Hey DS, those folks must have gone nuts when they saw all your beautiful work....I sure would have.


----------



## heresjohnny (Feb 15, 2006)

Wow, I mean Wow. I would have spent the whole party checking out the props, screw the dancing!


----------



## RoxyBlue (Oct 6, 2008)

heresjohnny said:


> Wow, I mean Wow. I would have spent the whole party checking out the props, screw the dancing!
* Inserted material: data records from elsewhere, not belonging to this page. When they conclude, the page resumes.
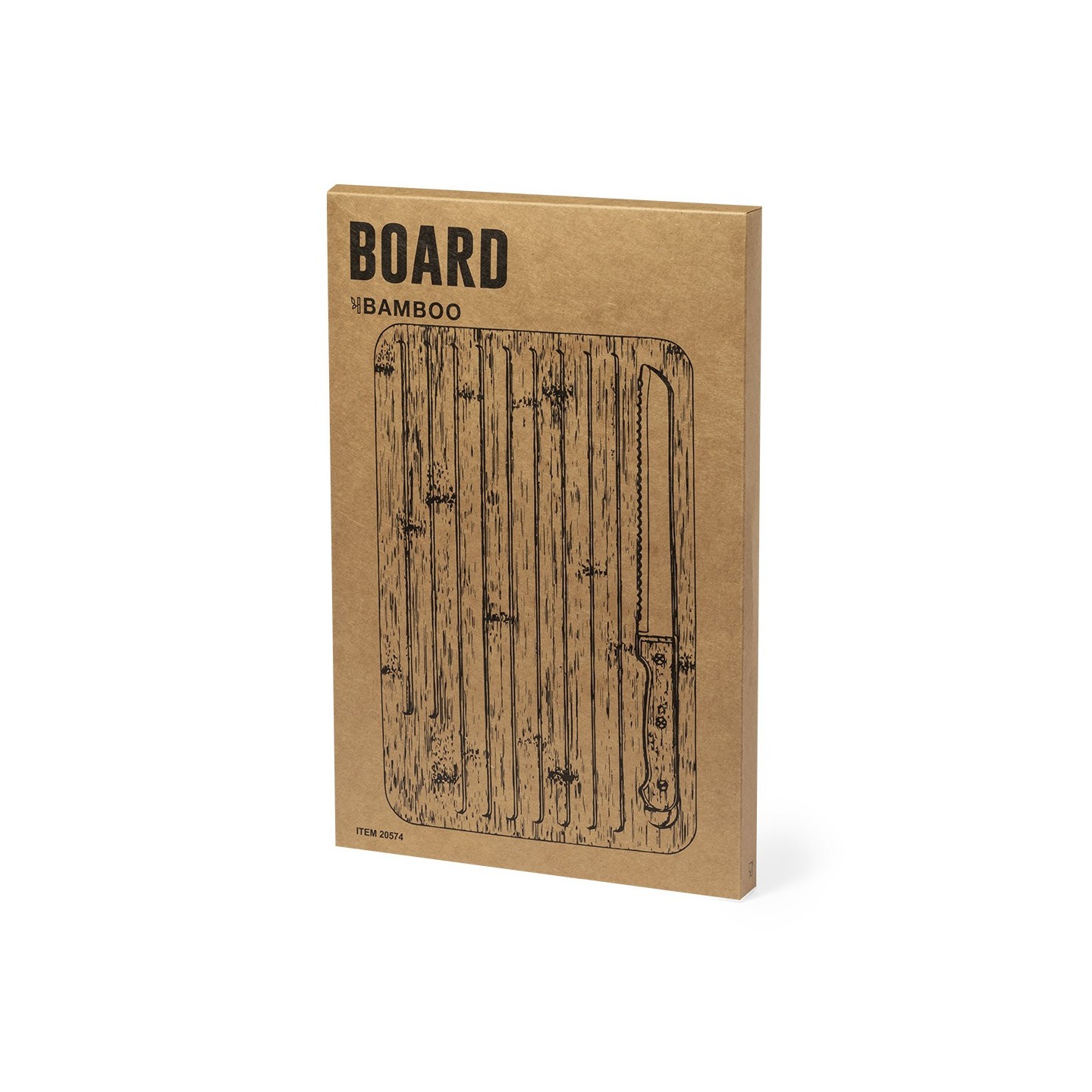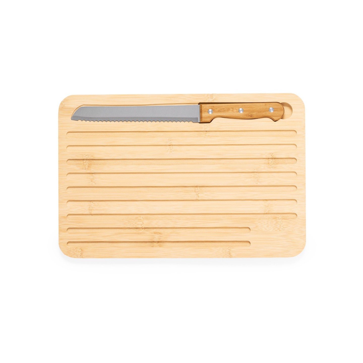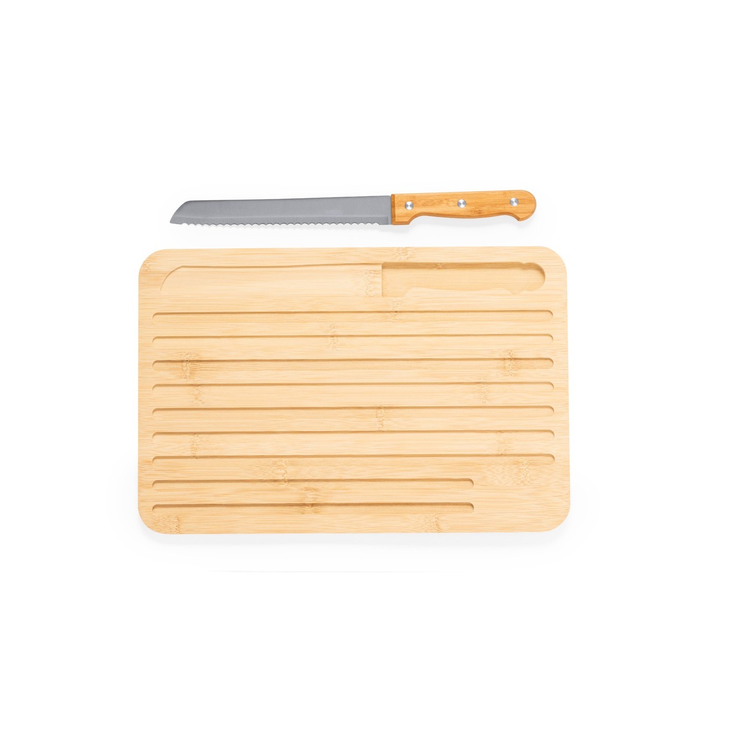 Tabla de cocina Myoria en bambú con cuchillo incluido. Diseño versátil con cara lisa y surcos grabados. Ideal para regalos personalizados.
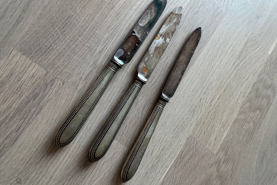 Tre äldre knivar med mönstrade handtag. Fina till ostbrickan. Behöver putsas
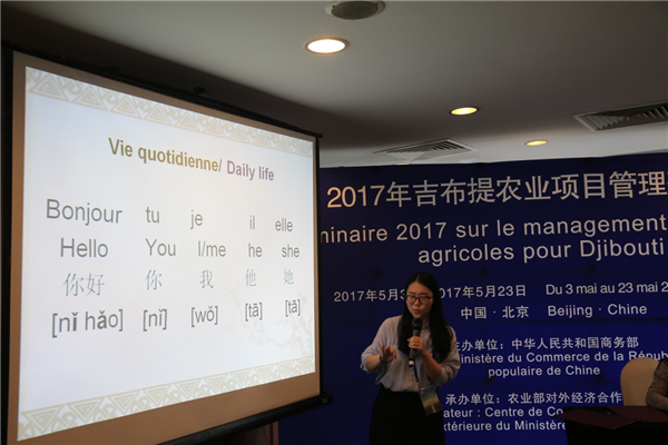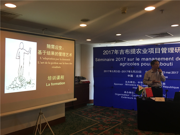 2017年5月3日,中国商务部主办、我中心承办的“2017年吉布提农业项目管理研修班”开班,18位来自吉布提政府部门的官员来华参加为期21天的研修班,外经中心胡延安副主任在开班仪式上致辞,商务部代表参加开班式,集体合影留念。
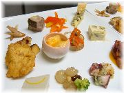 | トマトのムース | 田舎風テリーヌ | 魚介のハーブサラダ | 旬の野菜の付け合せ |
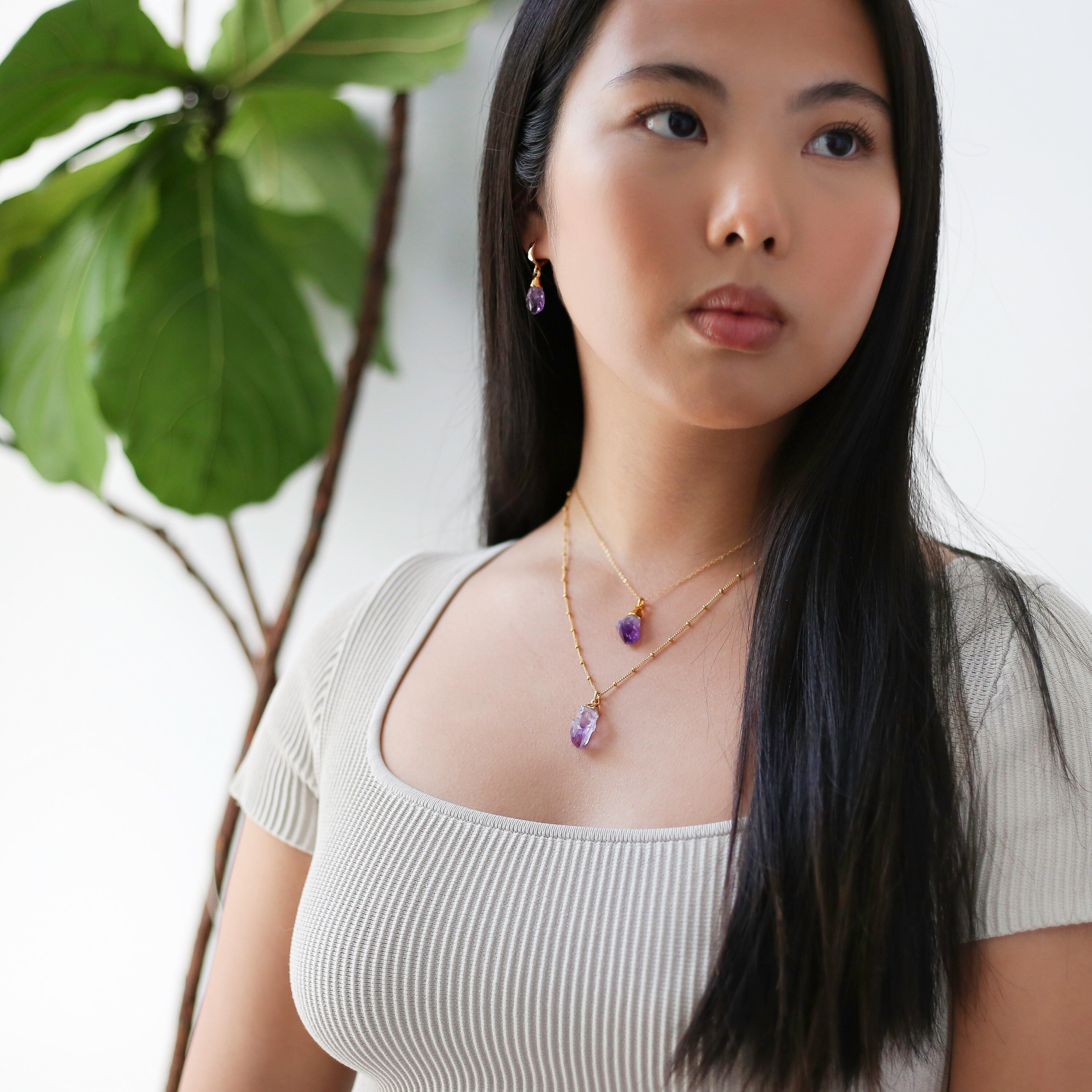 Geo Raw Amethyst Earrings • 14k Gold Filled • Non Tarnish Waterproof • Minimalist Summer Aesthetic • Edgy Daily Wear • February Birthstone
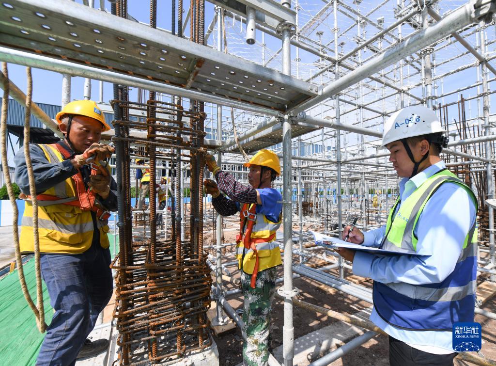 4月27日,在中建安裝集團有限公司位于四川遂寧市射洪市的廠(chǎng)房增產(chǎn)擴能項目建設現場(chǎng),記分員(右)在柱鋼筋綁扎比賽項目中打分。
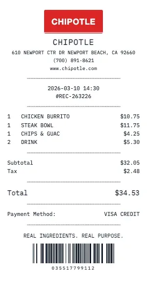 Need a Chipotle restaurant receipt? Our generator creates authentic dining receipts complete with itemized food and beverage orders, server name, table number, tip line, and gratuity calculations. Whether you're documenting a business dinner or replacing a faded receipt, ProReceiptMaker delivers the most realistic Chipotle receipt available online.
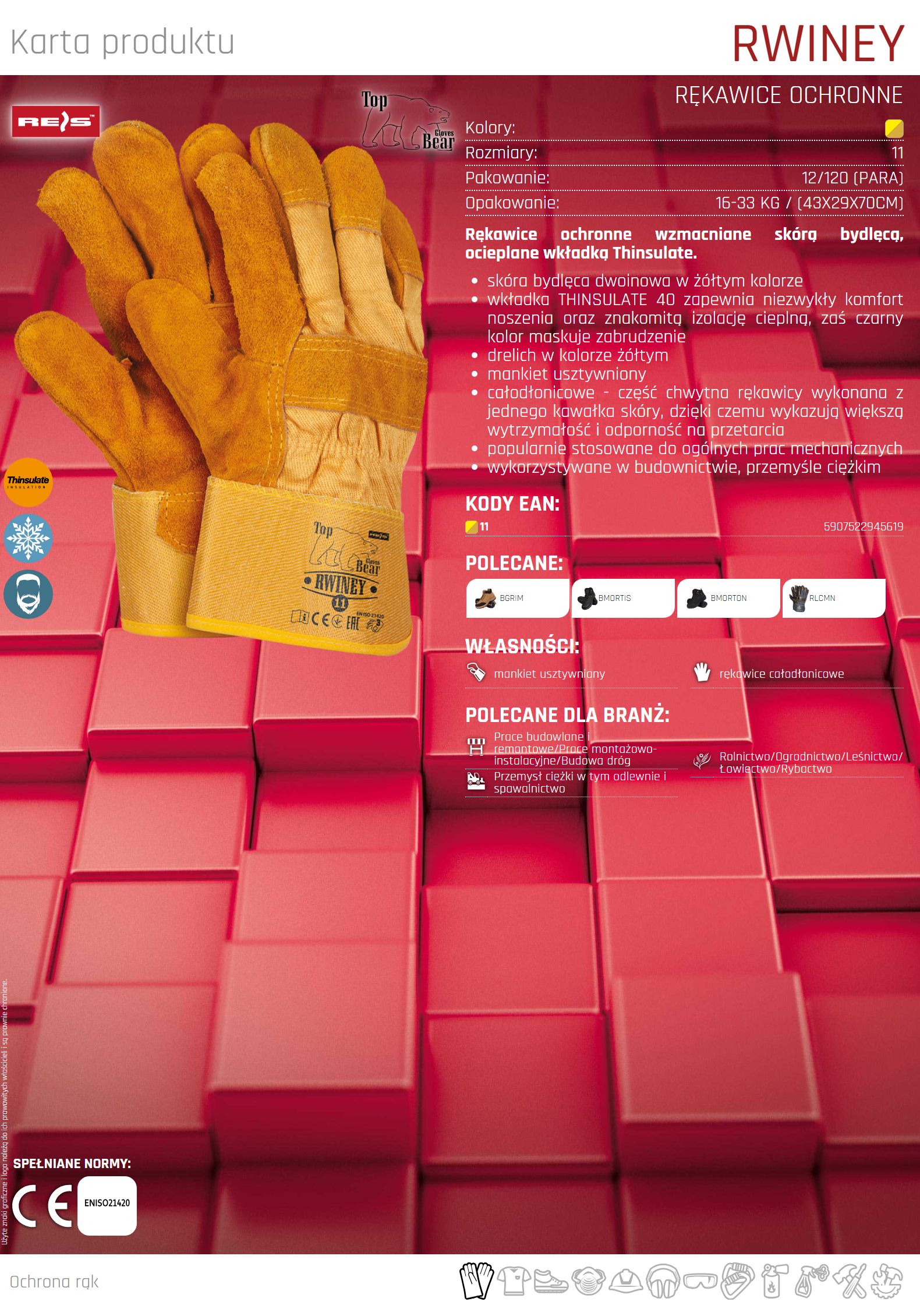 Rękawice ochronne wzmacniane skórą bydlęcą, ocieplane wkładką Thinsulate.

I'm with you on that, HJ. The details are amazing.


----------



## pyro (Oct 7, 2006)

wow nice


----------



## HalloweenZombie (Jul 22, 2007)

That is pure talent. I wish I could paint like you. You really bring your pieces to life.


----------



## Scary Godmother (Oct 13, 2007)

Awesome set up, very impressive. Your props are so life-like!


----------



## beelce (Jul 21, 2007)

DS...You have a great eye for detail and drama...hats off to such a young master...please make more


----------



## DeadSpider (Feb 3, 2006)

Thanks so much everyone 
And Beelce please call me YOUNG any time ya want! haha


----------



## Lilly (Jun 13, 2006)

Great pics 
great props
sounds like a great party
everybody send DS your props you want painted LOL


----------



## DeadSpider (Feb 3, 2006)

thanks Lilly.

haha 
will paint for coffee


----------